This produces five output files:

- `transmitted_chr1.csv.gz`
- `nontransmitted_chr1.csv.gz`
- `sim_perc_summary_chr1.csv.gz`
- `transmitted_chr1.vcf.gz`
- `nontransmitted_chr1.vcf.gz`

## Output files and summary columns

The updated PARATI workflow separates output into three logical components:

1. `vcf_trans`
   Final parental transmitted alleles.

2. `vcf_nontrans`
   Final parental non-transmitted alleles.

3. `sim_perc_summary`
   Haplotype-matching evidence and inference diagnostics for sites where
   mother, father, and child are all heterozygous.

Compared with the original implementation, the transmitted VCF output
corresponds most closely to the original single-file VCF result. The
updated workflow additionally provides non-transmitted alleles and a
separate summary table describing haplotype-based inference evidence.

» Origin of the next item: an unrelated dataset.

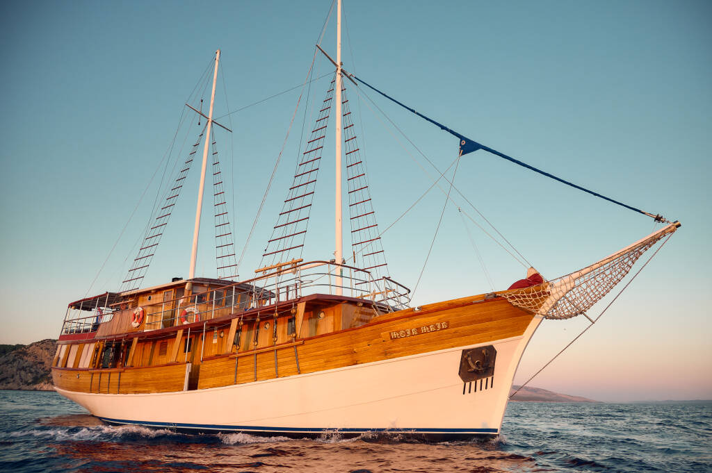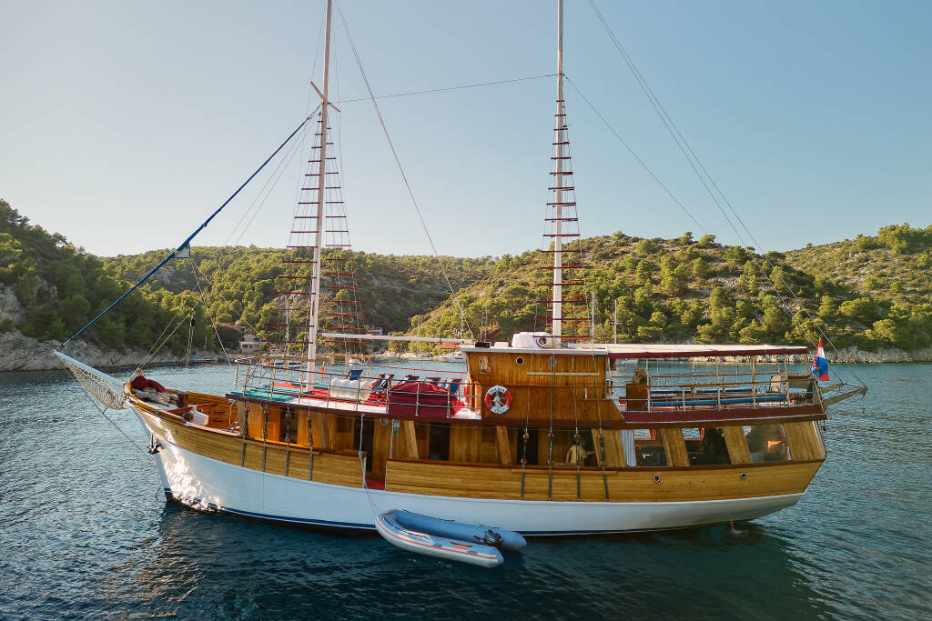 Die Moja Maja ist ein charmantes Schiff, ideal für private Charterfahrten. Sie bietet die perfekte Kombination aus Komfort, Intimität und authentischem Adria-Flair. Mit einer Länge von 24 Metern und einer Breite von 6,8 Metern bietet das Schiff viel Platz zum Entspannen und Genießen der atemberaubenden Küste Kroatiens. Das großzügige 90 m² große Sonnendeck lädt zum Sonnenbaden, geselligen Beisammensein oder einfach nur zum Genießen des traumhaften Ausblicks auf die Adria ein.

### Meaning of `sim_perc_summary` columns

The `sim_perc_summary` table contains one row per haplotype comparison
for each target variant and family. Its columns are:

- `#CHROM`:
  Chromosome of the target variant.

- `POS`:
  Genomic position of the target variant.

- `ID`:
  Variant identifier of the target SNP.

- `pair`:
  The specific haplotype pair being compared. Each target variant has
  up to eight comparisons:
  `B_hap1_vs_M_hap1`, `B_hap1_vs_M_hap2`,
  `B_hap1_vs_P_hap1`, `B_hap1_vs_P_hap2`,
  `B_hap2_vs_M_hap1`, `B_hap2_vs_M_hap2`,
  `B_hap2_vs_P_hap1`, and `B_hap2_vs_P_hap2`.

- `B_hap`:
  The child haplotype involved in the comparison (`B_hap1` or `B_hap2`).

- `PM_hap`:
  The parental haplotype involved in the comparison
  (`M_hap1`, `M_hap2`, `P_hap1`, or `P_hap2`).

- `bpwindow`:
  The local haplotype-matching window size in base pairs, corresponding
  to the `hap_length` argument.

- `nSNP_haplotype`:
  Number of nearby SNPs within the matching window that had complete
  phased haplotype information and were used in similarity calculation.

- `sim_perc`:
  Similarity proportion between the child haplotype and the corresponding
  parental haplotype across the local window.

- `order`:
  Output row order for the eight pairwise haplotype comparisons.
  In the current implementation this is the fixed listing order of the
  eight comparisons, not a rank by similarity.

- `status`:
  Final inference status for the target variant in that family.
  Typical values are:
  `Inferred based on haplotype`,
  `Ambiguous`,
  and `Low similarity`.

- `FamilyIndex`:
  Family identifier from the family index table.

In practice, `vcf_trans` and `vcf_nontrans` are the primary final outputs,
whereas `sim_perc_summary` is intended for interpretation, quality control,
and tracing the basis of haplotype-based inference.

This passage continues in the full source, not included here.